Just hours before Grimm said that, NY1 learned that a volunteer for Michael Grimm's campaign filed a complaint with the Office of Congressional Ethics against Donovan's top staffer. It alleges Donovan and his team were using government resources for campaign work, something prohibited by House rules.

As evidence, the Grimm campaign sent NY1 a 35-page document of emails from Donovan's chief of staff. The document shows some of the emails went through an IP address that originates in the U.S. House of Representatives. The emails are related to the GOP campaign for district attorney in 2015.

NY1 asked Grimm if he knew about the complaint: "I knew about it," Grimm said. "I actually counseled someone to stay away from it."

The Donovan campaign dismissed the new attack, arguing the staffer was using public Wi-Fi in the Capitol on his personal device.

In a statement a Donovan spokeswoman Jessica Proud said, "We know Michael Grimm is desperate to cover up his litany of crimes and record as one of Obama's biggest allies, but this is a total waste of taxpayer dollars and voter's time."

The latest complaint comes as the Grimm campaign is accusing Donovan's team of intimidating voters and sending campaign workers posing as official investigators door-to-door to check on the authenticity of Grimm petitions.
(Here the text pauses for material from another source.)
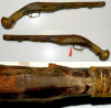 Original orientalische Vorderladerpistole, Steinschloss, jedoch ohne Schloss, vorhanden sind der Lauf, die Gegenplatte des Schlosses, die Kolbenkappe, der Abzug, Abzugsbügel, Ladestockhülsen, Laufbänder und natürlich der Schaft. Letztlich fehlt nur das Schloss. Zum Restaurieren oder Ausschlachten. Lauflänge 29,8 cm, Gesamtlänge 48 cm, Kaliber 16,2 mm, Rostpatina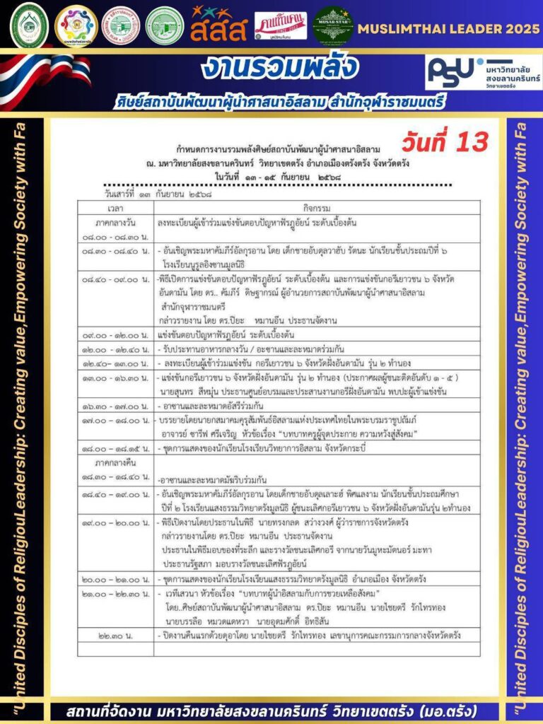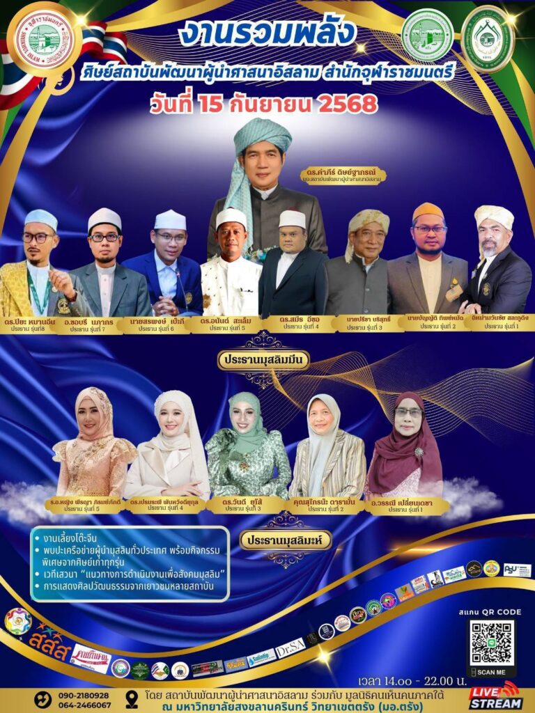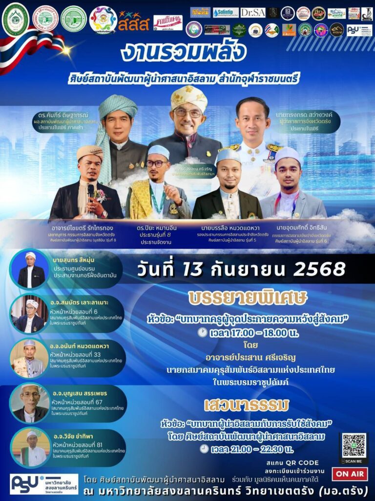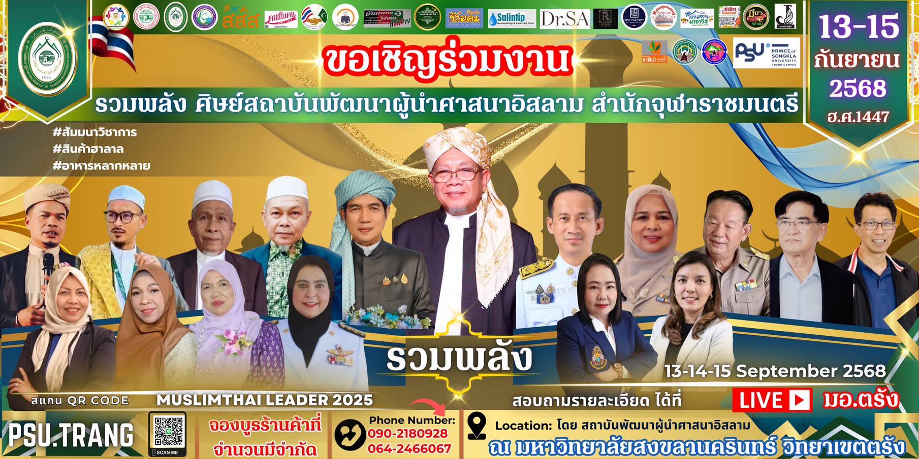 ตรัง – สถาบันพัฒนาผู้นำศาสนาอิสลาม สำนักจุฬาราชมนตรี ร่วมกับ มูลนิธิคนเห็นคนภาคใต้ และเครือข่ายพันธมิตรทั่วประเทศ เตรียมจัดงาน “รวมพลังศิษย์สถาบันพัฒนาผู้นำศาสนาอิสลาม 2568” ระหว่างวันที่ 13 – 15 กันยายน 2568 ณ มหาวิทยาลัยสงขลานครินทร์ วิทยาเขตตรัง

Grimm's campaign had sent NY1 grainy images of these workers.

Donovan's team fired back, releasing an audio recording of the incident that showed it was a cordial conversation. At no point in the recording do you hear the workers identify themselves:

"We knew what a petty [expletive] Dan Donovan was, so we knew that this was going to happen," someone says in the recording.

Bringing this all full circle, that audio recording happened to be with the same Grimm volunteer who filed the most recent ethics complaint, showing it's a small world in Staten Island politics.